Reputation: 1080
HI! I have a web page content in encoded in ISO-8859-2. How to convert a stream encoded in this charset to java's UTF-8. I'm trying the code below, but it does not work. It messes up some characters. Is there some other way to do this?
BufferedInputStream inp = new BufferedInputStream(in);
byte[] buffer = new byte[8192];
int len1 = 0;
try{
while ( (len1 = inp.read(buffer)) != -1 )
{
String buff = new String(buffer,0,len1,"ISO-8859-2");
stranica.append(buff);
}
Upvotes: 1
Views: 14532
Reputation: 346260
How to convert a stream encoded in this charset to java's UTF-8
Wrong assumption: Java uses UTF-16 internally, not UTF-8.
But your code actually looks correct and should work. Are you absolutely sure the webpage is in fact encoded in ISO-8859-2? Maybe its encoding is declared incorrectly.

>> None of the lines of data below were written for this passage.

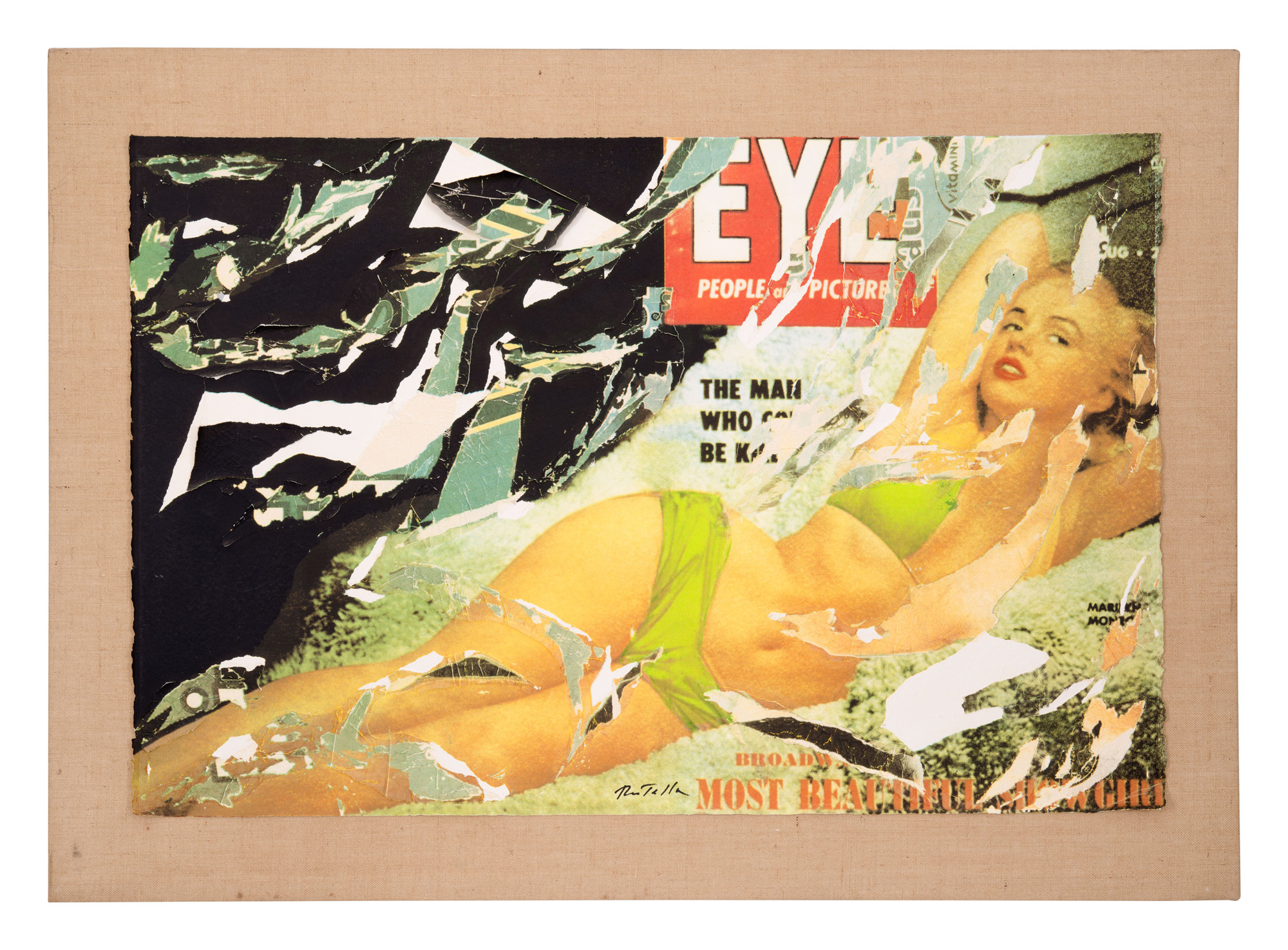 L'opera è décollage applicato su tela ed è in buone condizioni. Ad una visione diretta a luce naturale non si ravvisano anomalie di sorta. La tela è ben tensionata al telaio, anch'esso risulta essere in buone condizioni, non sono presenti allentamenti o deformazioni.
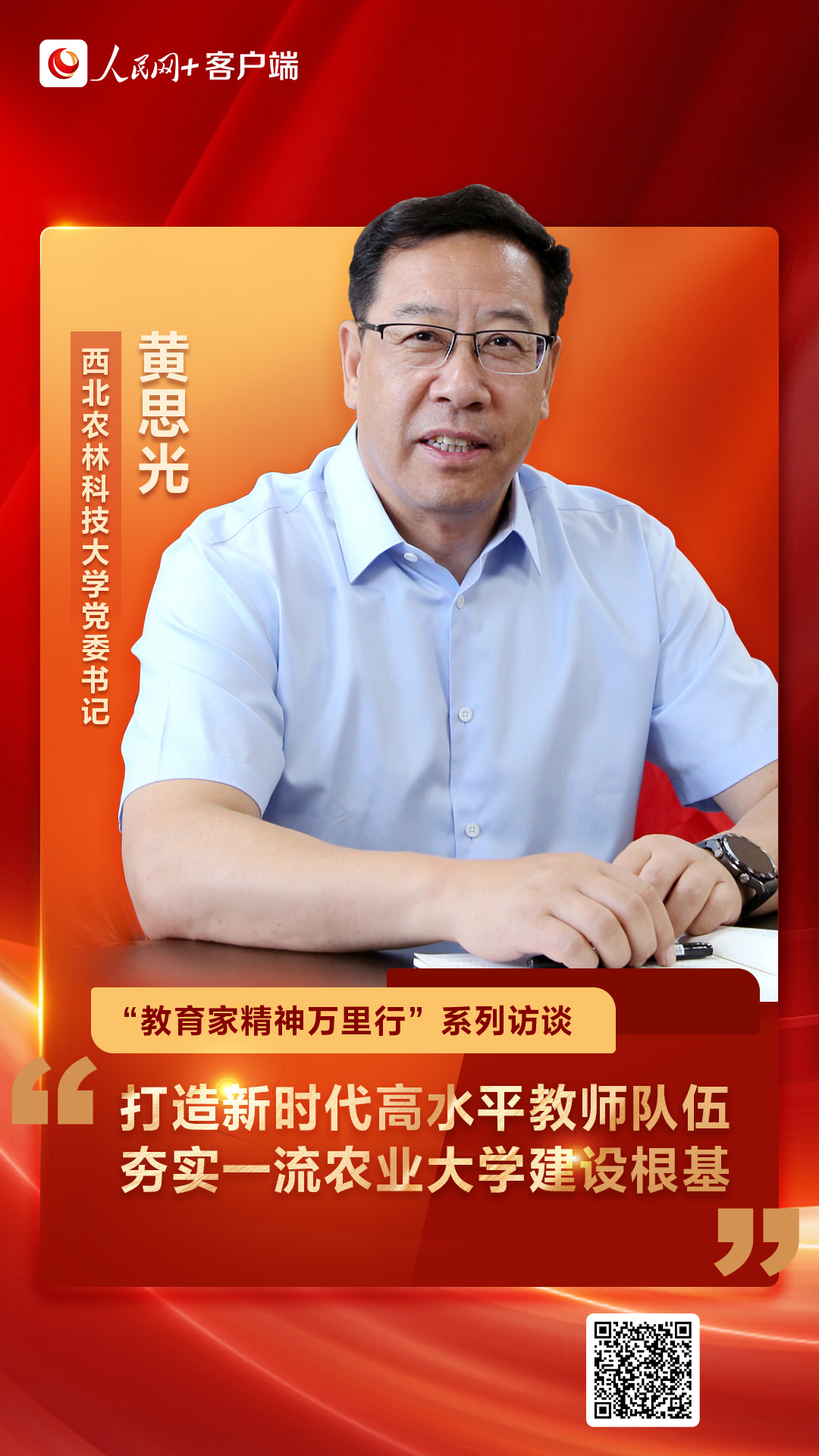 “強國必先強農(nóng),強教必先強師?!苯眨鞅鞭r(nóng)林科技大學黨委書記黃思光在接受人民網(wǎng)專訪時說,西北農(nóng)林科技大學堅持扎根西部大地辦學,牢記支撐引領旱區(qū)農(nóng)業(yè)發(fā)展的戰(zhàn)略使命,深入實施人才強校戰(zhàn)略,以教育家精神為引領,著力打造師德高尚、業(yè)務精湛、結構合理、充滿活力的新時代高水平教師隊伍,為建設中國特色世界一流農(nóng)業(yè)大學筑牢人才根基。
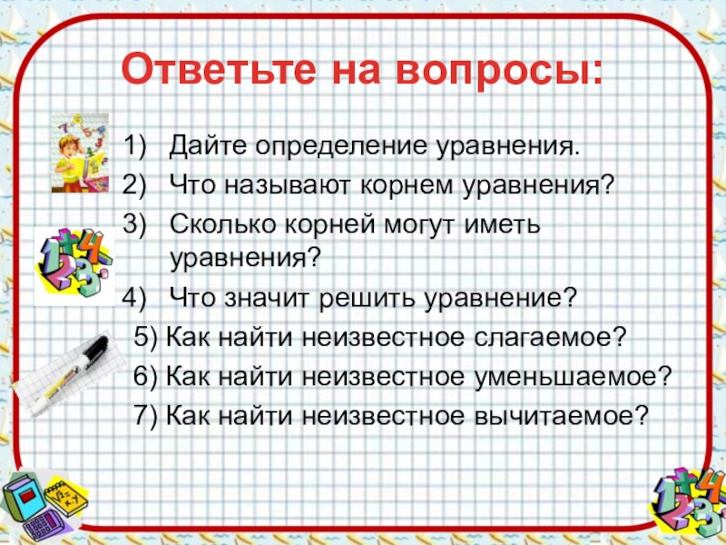 Ответьте на вопросы:Дайте определение уравнения.Что называют корнем уравнения?Сколько корней могут иметь уравнения?Что значит решить уравнение?5) Как найти
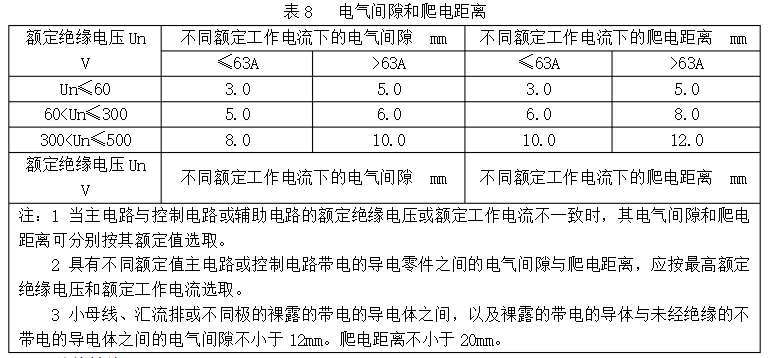 直流屏設(shè)備內(nèi)兩帶電導(dǎo)體之間,以及帶電導(dǎo)體與暴露的不帶電導(dǎo)體之間的最小間隔,均應(yīng)符合表8規(guī)定的最小電氣空隙與爬電間隔的要求。
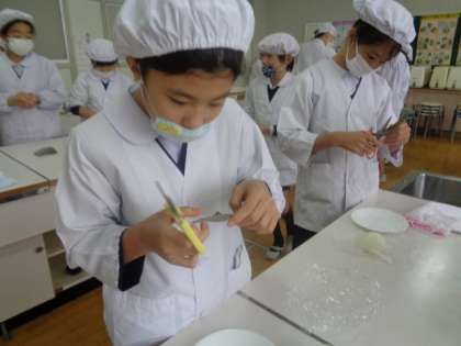 各自がデザインした通りに、のりを食用はさみで切っています。
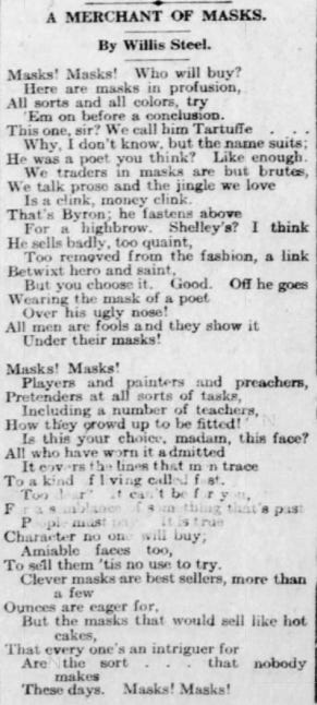 Here's one from The News Journal, Wilmington, Delaware, Feb 14, 1920 (still in publication today! @delawareonline ) a poem, satirical in style, decrying the plethora of masks in 1920 "Masks, masks, who will buy..."

Or perhaps the real problem is not with the reading code that you've shown, but with whatever code you use to work with the result. How and where do these "messed up characters" manifest?
Upvotes: 3
Reputation: 11513
Try it with an InputStreamReader and Charset:
InputStreamReader inp = new InputStreamReader(in, Charset.forName("ISO-8859-2"));
BufferedReader rd = new BufferedReader(inp);
String l;
while ((l = rd.readLine()) != null) {
...
}
If you get an UnsupportedCharsetException
, you know what's your problem... Also, with inp.getEncoding()
you can check which encoding is really used.
Upvotes: 4